Treat Yourself

To Some Good Old Fashioned Values

September 8, 2014


The happiest, proudest and most satisfied moments in my life often coincide. These feelings are not only contained within moments of achievement, but often stem from moments of failure and introspection. I am asked to pinpoint which values come to mind in these particular moments. I don’t believe that ones life can or should be measured by pinpointed and clustered moments of happiness or success. You are not a list of personal greatest achievements or the series of your worst failures. You are the values that you encompass.

We must spend the time to determine the values that we believe are important and we must choose to live every moment in consideration of those values. It is with this consistency of character that we naturally make the right decisions, gain the respect of our peers, and have a positive impact on the world around you.

The following values are just some of the ones that I hold deeply and which determine my actions, my work, my friends, and my pursuits by:

Activism, Adventure, Affection, Ambition, Challenge, Commitment, Community, Compassion, Control, Coolness under fire, Cooperation, Creativity, Credibility, Decisiveness, Effectiveness, Efficiency, Friendships, Growth, Helping other people, Helping society, Independence, Inspiration, Integrity, Introspection, Justice, Leadership, Meaningful Work, Music, Nature, Persistence, Personal development, Physical challenge, Public service, Quality, Responsibility, Self-knowledge, Self-respect, Spirituality, Volunteering, Wisdom, Vibrancy

I look for people who hold these and similar values for friendship, and working arrangements, and always consider these values when making decisions and giving advice.

Most recently I have been the center of relationship advice for a multitude of my female friends. The fact that I value my independence has allowed (or possibly caused) me to remain single for the majority of my life and has given me the opportunity to observe the interactions of my friends with people of the opposite sex as well as internally reflect upon my own (few and far between) romantic relationships. My advice is always centered around the values that I cherish while in any relationship (be it romantic or platonic). These values include self-respect, self-knowledge, quality, responsibility, inspiration, independence, compassion, commitment, and integrity.

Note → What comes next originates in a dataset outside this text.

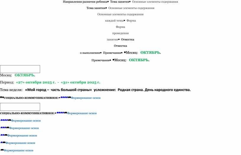 Месяц: ОКТЯБРЬ. Период: «27» октября 2025 г. - «31» октября 2025 г. Тема недели: «Мой город – часть большой страны» усложнение: Родная страна. День народного единства.

My friends always come to me with the same problem – they feel disrespected and underappreciated by their significant other. A common phrase being: “Why don’t the treat me like I deserve to be treated. They are lucky to be with me.” This continues with phrases like “I’m the best looking person they’ll ever get,” and “They’re not even good enough for me. They should be worshipping me.” My female friends often date men who are younger than them, who they find less attractive, who aren’t fiscally savvy, or who they don’t look up to or admire. By “dating down” they hope to be in a position of power in the relationship. They want to be admired, complimented, and treated with the respect. However, by dating men who do not hold the same key values that they have, the men will never respect their needs, desires, or decisions. My advice: in order to be respected, you must respect yourself, which often means that my friends must assert their values and their needs, and break up with their significant other if their values are not equal and their needs are not met.

This is the same advice I give myself when I feel that I am being disrespected by a peer, or find myself in a position where I feel undervalued or face my own personal stereotype threat. I must assert my values and my needs in the situation and have the dignity, the self-respect, the personal knowledge, and the wisdom to push forward and upward without fear or self-loathing.